ACTION ITEM :: Write out each line of the material exactly as given, and drop the images.

DATA ::
◇ ◇ ◇ ◇ ◇ ◇ ◇
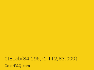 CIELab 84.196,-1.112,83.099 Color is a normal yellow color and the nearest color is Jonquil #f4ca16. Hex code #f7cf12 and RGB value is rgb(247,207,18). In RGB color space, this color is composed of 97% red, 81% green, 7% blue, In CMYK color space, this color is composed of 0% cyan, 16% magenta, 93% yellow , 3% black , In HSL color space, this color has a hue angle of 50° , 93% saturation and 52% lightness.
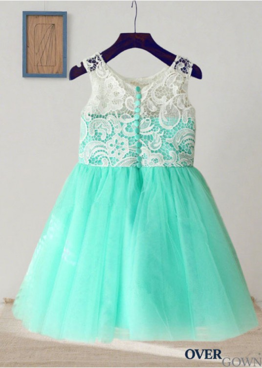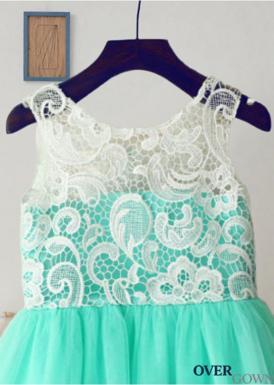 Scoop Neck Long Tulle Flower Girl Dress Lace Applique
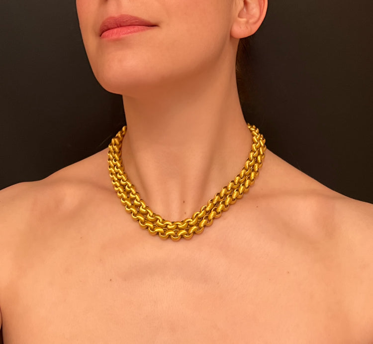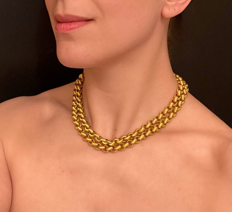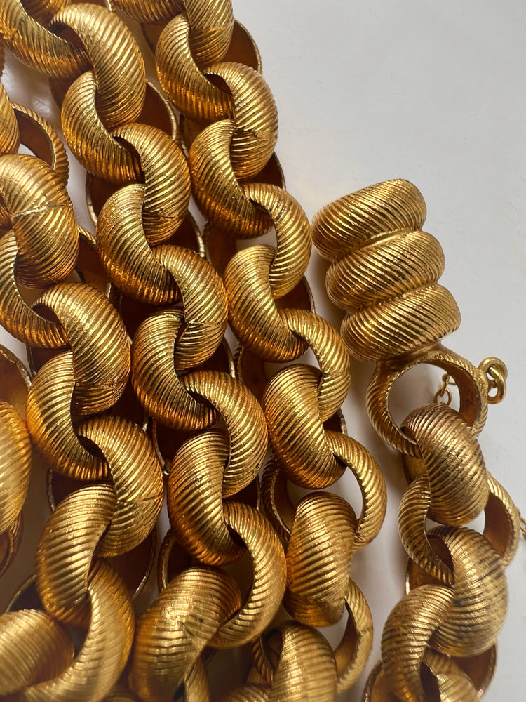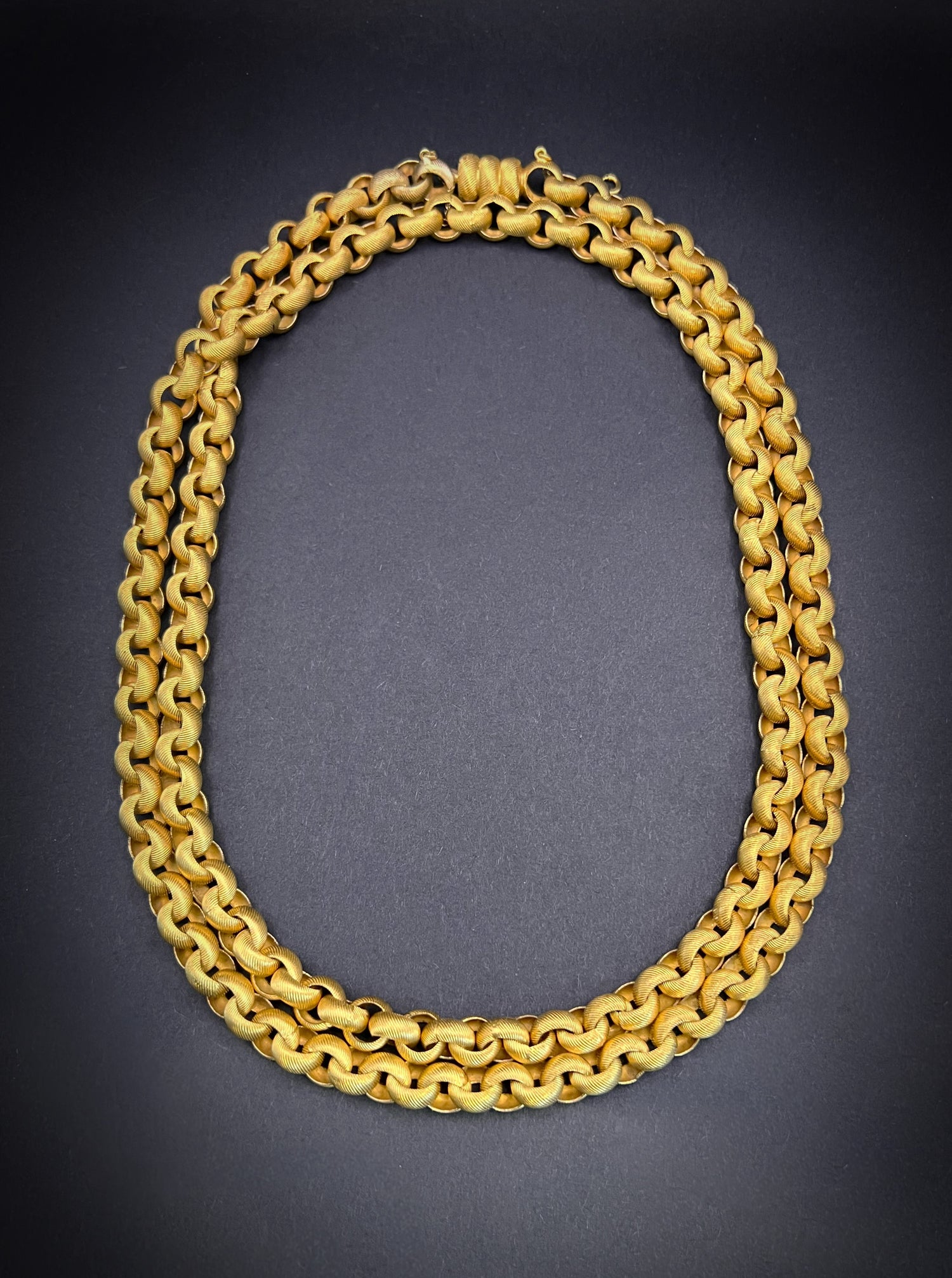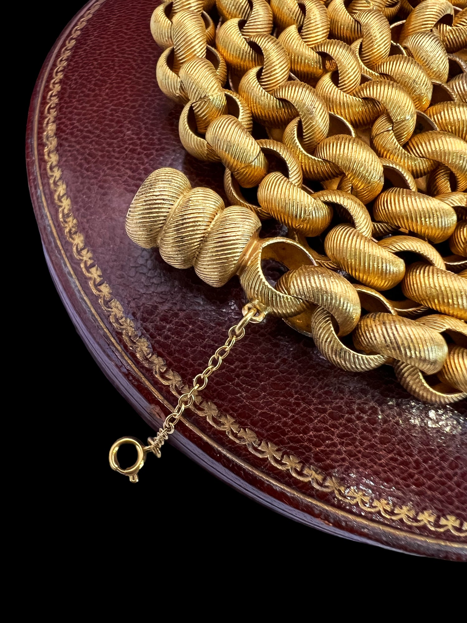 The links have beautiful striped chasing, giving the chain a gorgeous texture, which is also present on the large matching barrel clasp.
◇ ◇ ◇ ◇ ◇ ◇ ◇
RESULT ::
 CIELab 84.196,-1.112,83.099 Color is a normal yellow color and the nearest color is Jonquil #f4ca16. Hex code #f7cf12 and RGB value is rgb(247,207,18). In RGB color space, this color is composed of 97% red, 81% green, 7% blue, In CMYK color space, this color is composed of 0% cyan, 16% magenta, 93% yellow , 3% black , In HSL color space, this color has a hue angle of 50° , 93% saturation and 52% lightness.
 Scoop Neck Long Tulle Flower Girl Dress Lace Applique
 The links have beautiful striped chasing, giving the chain a gorgeous texture, which is also present on the large matching barrel clasp.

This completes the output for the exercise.